What you are asked to do:
Could you reproduce the lines below from the one with "- Разбор решения" through the one with "又比如在泰勒斯威芙特的演唱会"? Keep both ends and add nothing.

Provided data:
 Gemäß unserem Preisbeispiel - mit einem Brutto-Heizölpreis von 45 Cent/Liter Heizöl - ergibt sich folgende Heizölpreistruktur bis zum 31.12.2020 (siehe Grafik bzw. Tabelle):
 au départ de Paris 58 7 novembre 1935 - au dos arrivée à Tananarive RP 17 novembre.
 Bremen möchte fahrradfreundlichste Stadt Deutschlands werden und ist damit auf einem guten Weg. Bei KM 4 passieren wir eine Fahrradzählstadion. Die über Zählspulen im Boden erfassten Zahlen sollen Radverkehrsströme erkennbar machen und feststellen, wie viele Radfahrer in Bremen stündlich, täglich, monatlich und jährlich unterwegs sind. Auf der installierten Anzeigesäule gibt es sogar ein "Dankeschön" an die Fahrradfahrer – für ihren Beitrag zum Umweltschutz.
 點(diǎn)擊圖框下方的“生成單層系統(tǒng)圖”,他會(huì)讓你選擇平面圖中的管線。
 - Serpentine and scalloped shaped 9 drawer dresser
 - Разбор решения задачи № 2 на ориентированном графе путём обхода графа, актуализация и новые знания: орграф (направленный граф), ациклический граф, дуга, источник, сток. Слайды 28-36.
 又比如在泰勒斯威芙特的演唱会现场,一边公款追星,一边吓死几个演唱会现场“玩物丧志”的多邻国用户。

* * *

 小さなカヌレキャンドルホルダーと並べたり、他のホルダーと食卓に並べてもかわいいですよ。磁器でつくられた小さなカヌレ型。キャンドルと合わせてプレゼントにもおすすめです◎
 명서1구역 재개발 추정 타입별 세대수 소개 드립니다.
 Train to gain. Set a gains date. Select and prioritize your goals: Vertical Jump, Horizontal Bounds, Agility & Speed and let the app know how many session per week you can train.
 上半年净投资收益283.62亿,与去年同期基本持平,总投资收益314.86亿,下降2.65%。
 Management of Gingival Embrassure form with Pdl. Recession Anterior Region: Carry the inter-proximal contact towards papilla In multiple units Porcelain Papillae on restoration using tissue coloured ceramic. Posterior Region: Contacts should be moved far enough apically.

Written reply:
 - Разбор решения задачи № 2 на ориентированном графе путём обхода графа, актуализация и новые знания: орграф (направленный граф), ациклический граф, дуга, источник, сток. Слайды 28-36.
 又比如在泰勒斯威芙特的演唱会现场,一边公款追星,一边吓死几个演唱会现场“玩物丧志”的多邻国用户。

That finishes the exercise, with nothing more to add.